### [Supplied material]
* * * * * * * * *
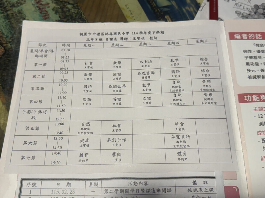 | 08:35–09:15 | Sociedad | Matemáticas | Hokkien (idioma local) | Matemáticas | Actividades integradas |
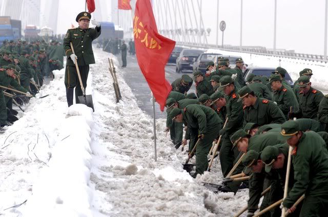 Paramilitary soldiers clean the snow off the lanes on a bridge across Yangtze River in Nanjing in east China's Jiangsu province, 29 January 2008. Hundreds of millions of Chinese are expected to travel for the Spring Festival family reunion, stretching China's transportation infrastructure to the limits
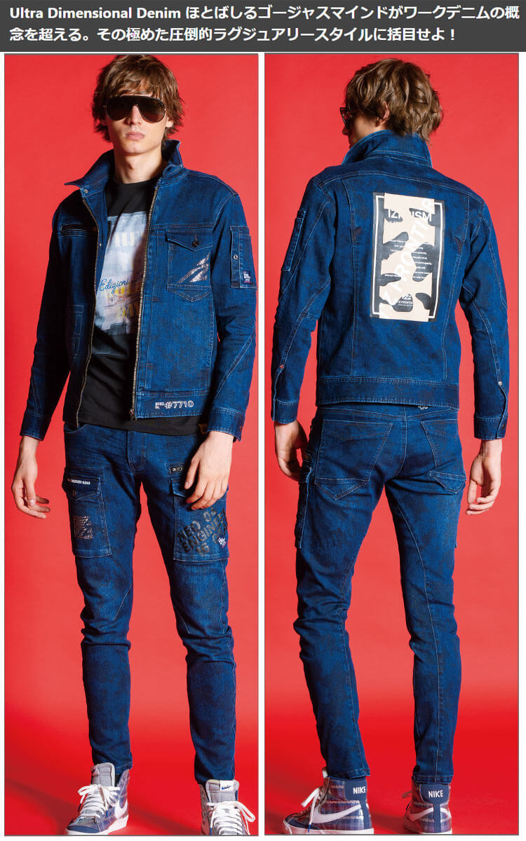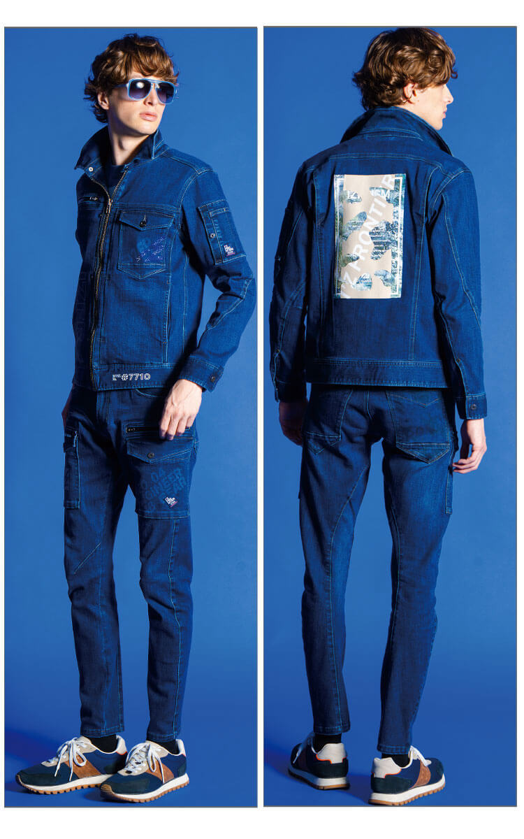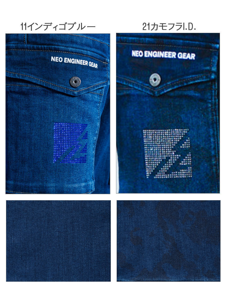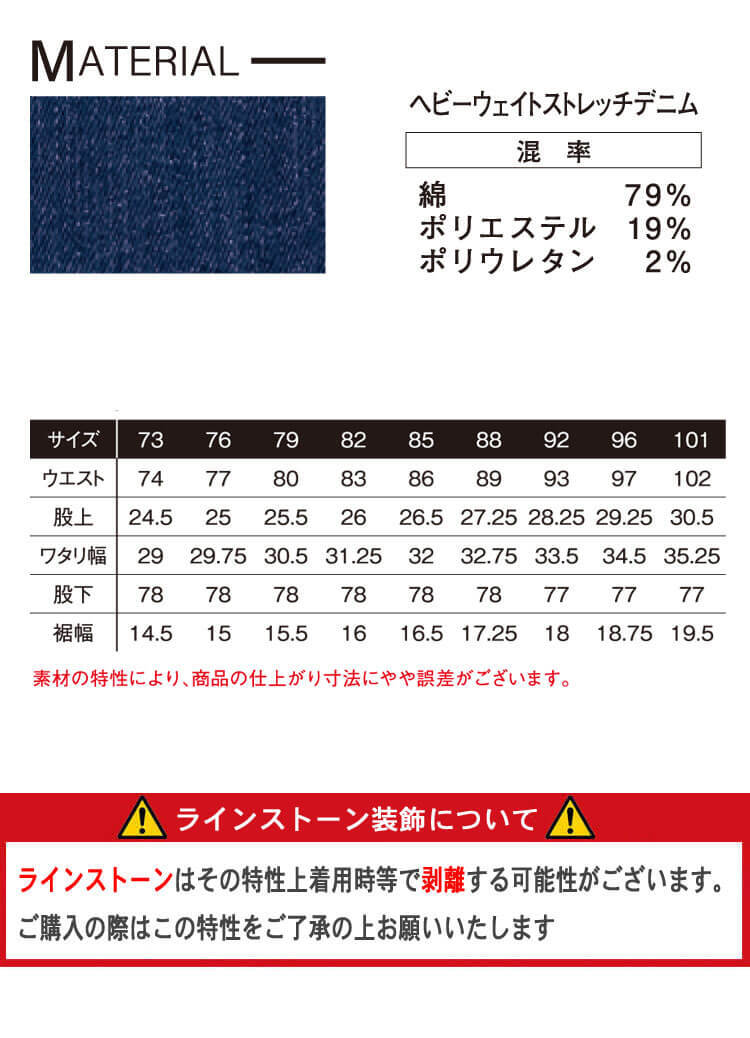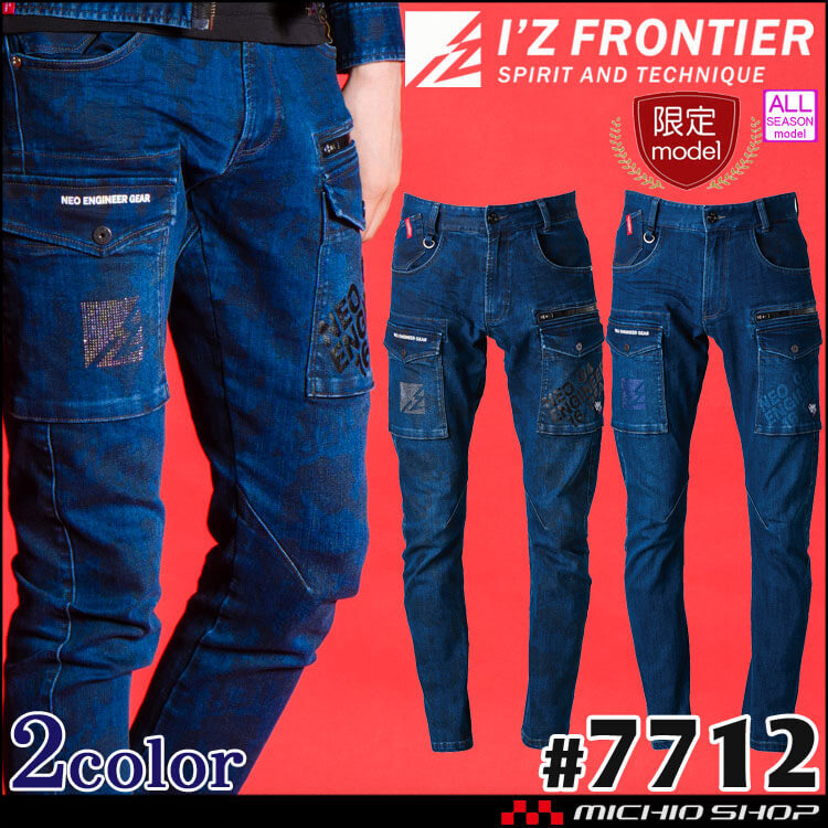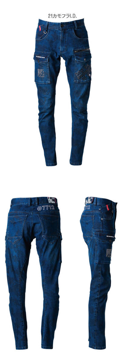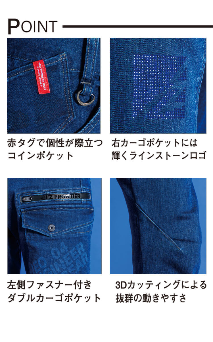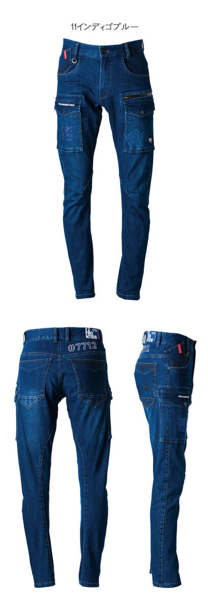 作業服 通年 アイズフロンティア [数量限定] 3Dストレッチラインストーンデニムカーゴパンツ 7712 85サイズ 11インディゴブルー
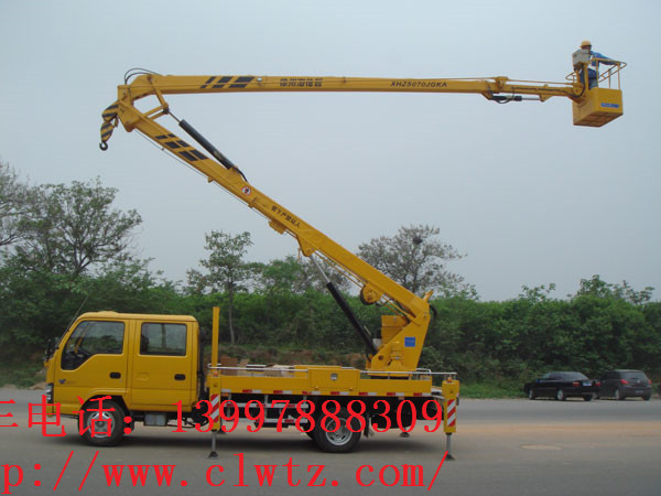 13.不準在升臂或工作斗內有人的情況下移動作業車,否則將引起人身傷亡事故。
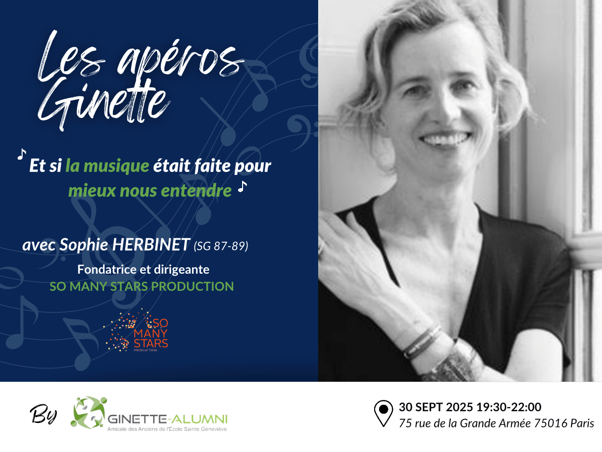 C'est le # 5 ! Un moment de rencontre et de partage transgénérationnel, convivial, avec l'intervention de Sophie HERBINET ( BJ 87-89).Lire sa bio en bas Fort de ses expériences, Sophie viendra nous éclairer et partager autour de : La musique, accélérateur de cohésion et catalyseur de ...
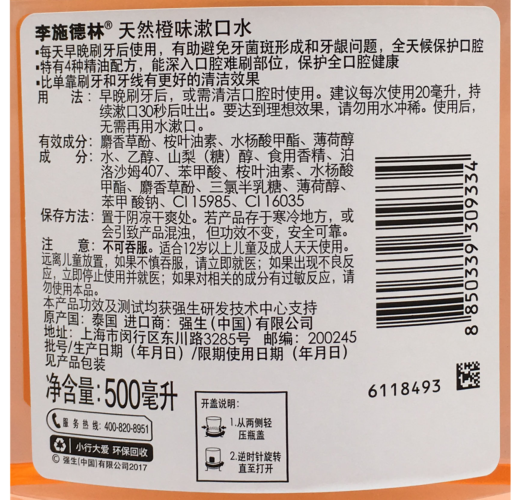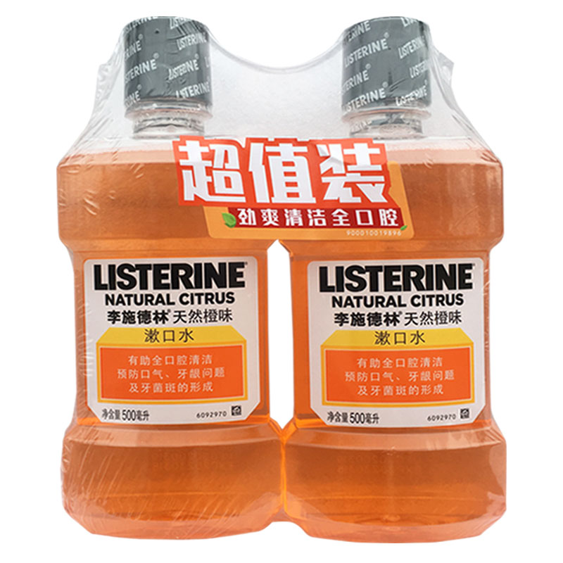 Listerine Mouthwash Natural Orange Flavor 500ml*2 bottles=1000ml Fresh breath to remove plaque
* * * * * * * * *
### [Assignment]
Pictures in the material above should be skipped; print exactly the lines from the one with "13.不準在升臂或工作斗內有人的情況下移動作業車,否則將引起人身傷亡事故。" through the one with "C'est le # 5".

### [Solution]
 13.不準在升臂或工作斗內有人的情況下移動作業車,否則將引起人身傷亡事故。
 C'est le # 5 ! Un moment de rencontre et de partage transgénérationnel, convivial, avec l'intervention de Sophie HERBINET ( BJ 87-89).Lire sa bio en bas Fort de ses expériences, Sophie viendra nous éclairer et partager autour de : La musique, accélérateur de cohésion et catalyseur de ...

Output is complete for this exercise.